(Source records)
◆ ◆ ◆ ◆

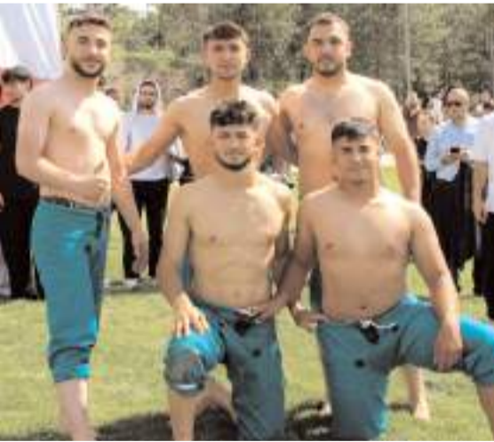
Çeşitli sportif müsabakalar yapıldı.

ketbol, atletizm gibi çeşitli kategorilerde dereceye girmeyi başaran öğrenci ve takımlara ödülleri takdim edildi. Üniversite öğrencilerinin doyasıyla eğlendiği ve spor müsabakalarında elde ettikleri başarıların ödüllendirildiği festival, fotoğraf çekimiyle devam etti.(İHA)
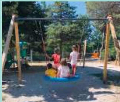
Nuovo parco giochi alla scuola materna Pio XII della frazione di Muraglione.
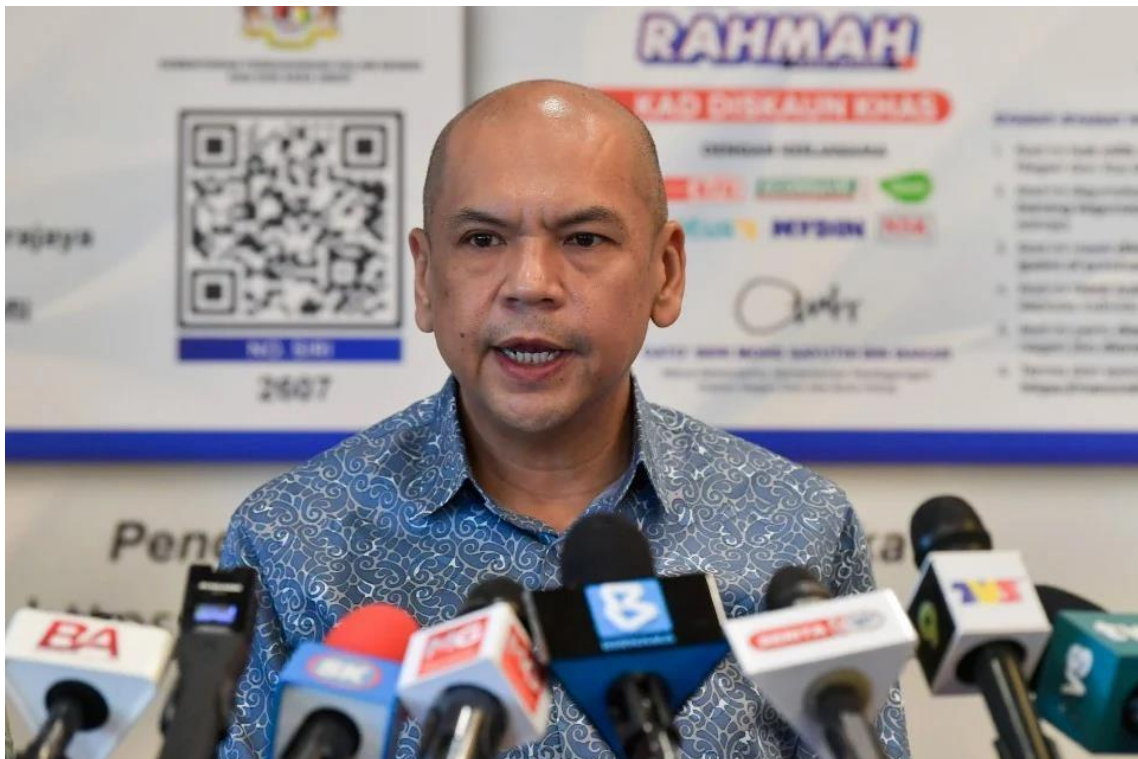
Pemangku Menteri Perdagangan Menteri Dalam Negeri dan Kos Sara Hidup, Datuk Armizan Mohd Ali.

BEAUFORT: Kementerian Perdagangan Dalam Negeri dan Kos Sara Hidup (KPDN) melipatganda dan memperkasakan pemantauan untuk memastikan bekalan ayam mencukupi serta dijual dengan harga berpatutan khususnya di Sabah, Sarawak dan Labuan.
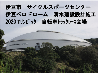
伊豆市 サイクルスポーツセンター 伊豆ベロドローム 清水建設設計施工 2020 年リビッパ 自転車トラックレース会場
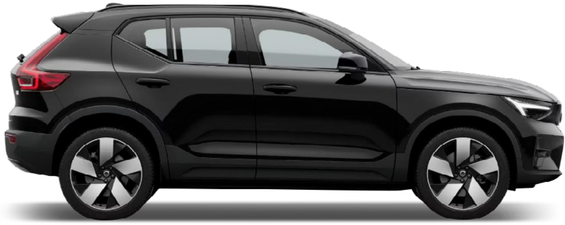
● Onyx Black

◆ ◆ ◆ ◆

Task
Give back each of the records above word for word, apart from the pictures.

Solved exercise
Çeşitli sportif müsabakalar yapıldı.

ketbol, atletizm gibi çeşitli kategorilerde dereceye girmeyi başaran öğrenci ve takımlara ödülleri takdim edildi. Üniversite öğrencilerinin doyasıyla eğlendiği ve spor müsabakalarında elde ettikleri başarıların ödüllendirildiği festival, fotoğraf çekimiyle devam etti.(İHA)
Nuovo parco giochi alla scuola materna Pio XII della frazione di Muraglione.
Pemangku Menteri Perdagangan Menteri Dalam Negeri dan Kos Sara Hidup, Datuk Armizan Mohd Ali.

BEAUFORT: Kementerian Perdagangan Dalam Negeri dan Kos Sara Hidup (KPDN) melipatganda dan memperkasakan pemantauan untuk memastikan bekalan ayam mencukupi serta dijual dengan harga berpatutan khususnya di Sabah, Sarawak dan Labuan.
伊豆市 サイクルスポーツセンター 伊豆ベロドローム 清水建設設計施工 2020 年リビッパ 自転車トラックレース会場
● Onyx Black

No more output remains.